The third breakthrough is the emergence of new lines of research, in part as a result of a
rapid evolution of research methodologies and registration techniques, like eye tracking
and the registration of brain activity (e.g. EEG, MEG, fMRI). Earlier, psycholinguistic
research paradigms were used in the investigation of how prosodic cues (both at the
lexical and post-lexical levels) are used in spoken word recognition, whether and how
listeners capitalise on prosodic cues to resolve temporary syntactic and semantic
ambiguity as in cases like When he leaves the house is dark, and how pragmatic
appropriateness of prosody influences speech comprehension. More recent research on
prosodic processing approaches further issues, from a phonological as well as phonetic
perspective. Intonational categories, like accent location and type of accent have been
investigated as cues to how information is packaged using eye tracking. Other topics
include anticipatory prosodic processing (as reflected in online reference resolution), the
effect of prosody on the depth of semantic processing as evidenced by event-related
potentials and the lateralization of prosodic processing, as well as various issues that have
traditionally been addressed by means of offline perception studies and which have been
re-examined using EEG. These studies not only confirm findings from behavioural
research, but also provide valuable insights into the role of prosody in the integration of
incoming information in the evolving discourse. While prosodic processing has mainly
been studied in the cerebrum, research measuring brain stem responses to pitch show that
subcortical processing of pitch is modulated by both (short and long term) language and
music experience. A final area in which progress is recent is that of visual prosody.

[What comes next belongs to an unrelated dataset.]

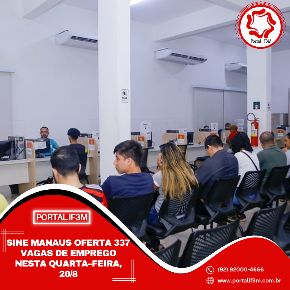 A Prefeitura de Manaus, por meio do Sine Manaus, oferta 337 vagas de emprego em várias áreas de atuação, nesta quarta–feira, 20/8, das 8h às 14h. O candidato pode validar a Carteira Digital e Previdência Social (CTPS) no aplicativo “Carteira de Trabalho Digital” ou acessar o site http://gov.br/trabalho.
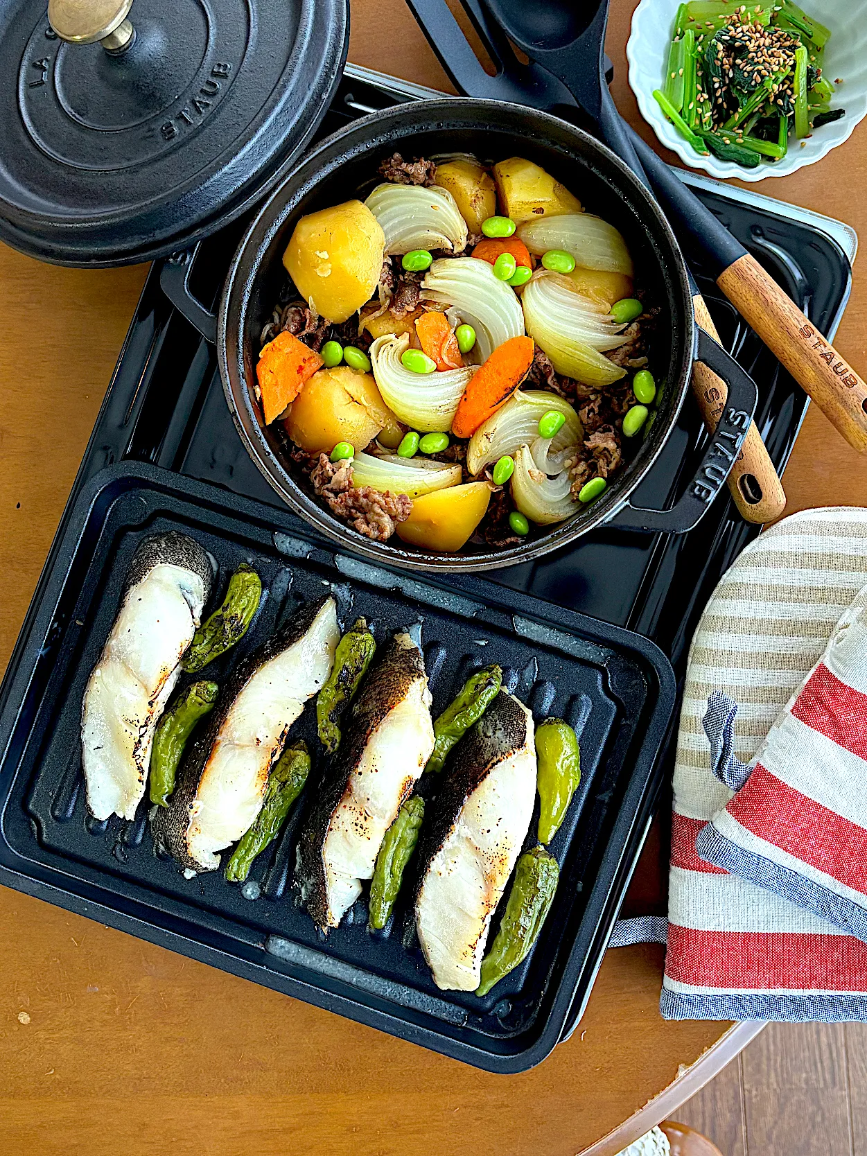 西京焼きで空いているスペースで肉じゃがも作りました😊

Manual and facial gestures are used to communicate several kinds of information, from
joy to disappointment and sadness, while at the same time they may reinforce meanings
that are also communicated in spoken language. Besides, visual cues may reveal
unintended information, like sincerity or the lack thereof, or pathologies. The synthesis of
speech and visual prosody has become an important issue in robotics.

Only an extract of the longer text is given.